→ **The problem**
In the data below, find the line containing "Слайд 7етей среднего" and the line containing "Canon i-Sensys MF416dw", then reproduce them and every line between, exactly. Omit pictures.

→ **Data provided**
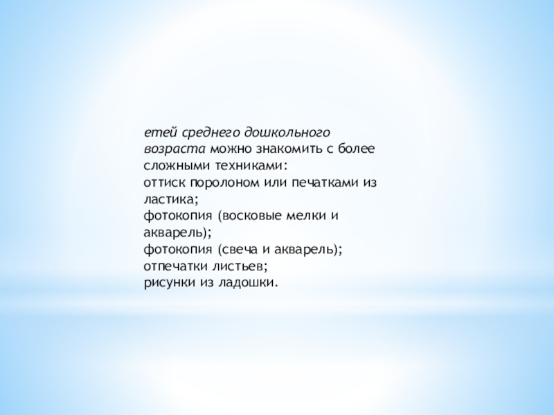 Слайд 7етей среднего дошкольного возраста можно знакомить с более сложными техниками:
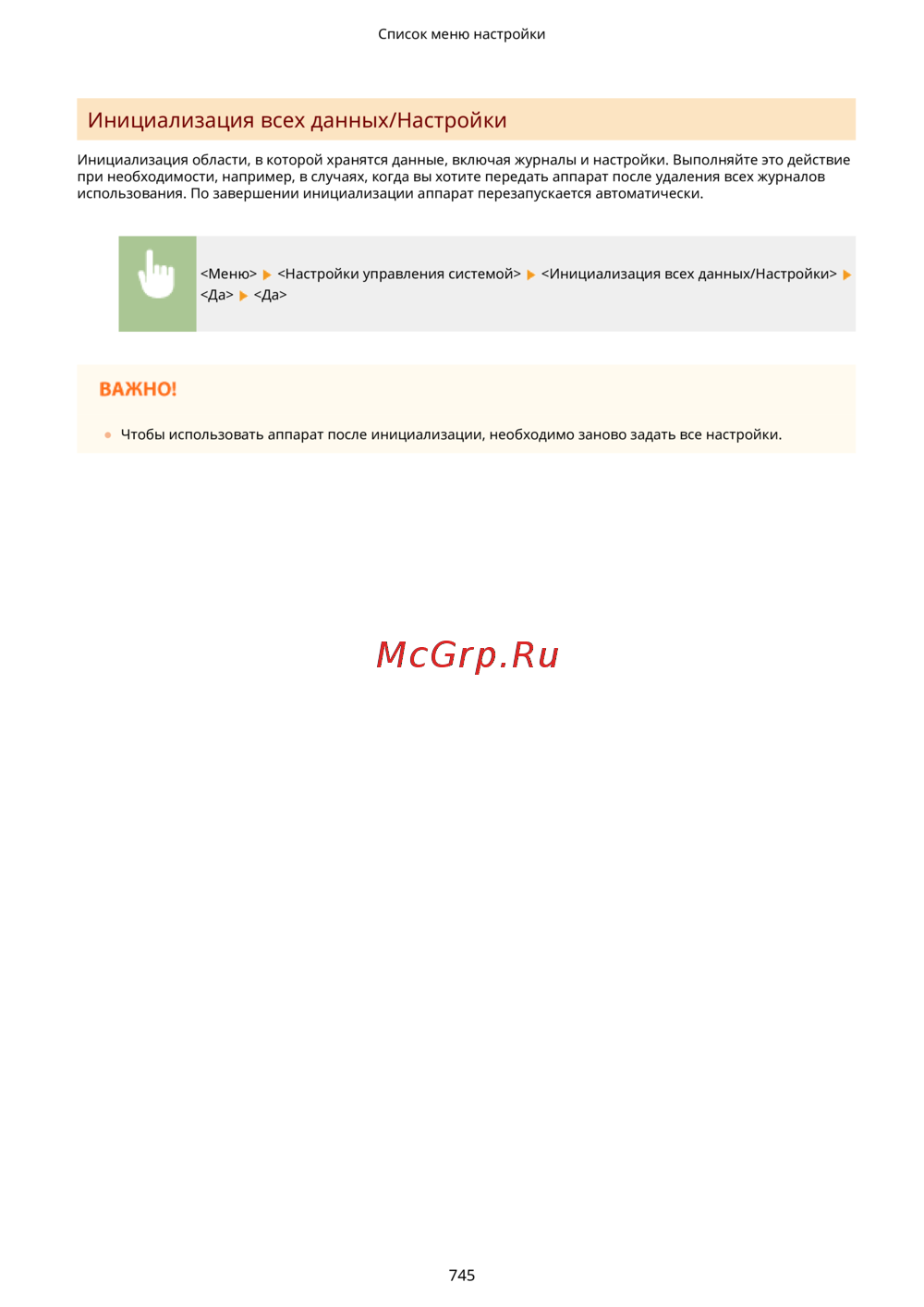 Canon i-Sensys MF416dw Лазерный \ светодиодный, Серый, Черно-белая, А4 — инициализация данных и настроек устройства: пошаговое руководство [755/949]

--

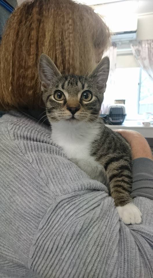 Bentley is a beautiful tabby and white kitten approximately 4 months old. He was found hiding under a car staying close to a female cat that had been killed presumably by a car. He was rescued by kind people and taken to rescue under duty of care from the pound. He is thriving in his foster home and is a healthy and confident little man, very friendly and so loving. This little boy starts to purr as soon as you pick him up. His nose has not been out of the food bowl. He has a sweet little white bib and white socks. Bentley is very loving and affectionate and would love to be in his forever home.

==

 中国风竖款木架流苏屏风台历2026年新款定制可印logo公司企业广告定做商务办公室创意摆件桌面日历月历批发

→ **Answer for this exercise**
 Слайд 7етей среднего дошкольного возраста можно знакомить с более сложными техниками:
 Canon i-Sensys MF416dw Лазерный \ светодиодный, Серый, Черно-белая, А4 — инициализация данных и настроек устройства: пошаговое руководство [755/949]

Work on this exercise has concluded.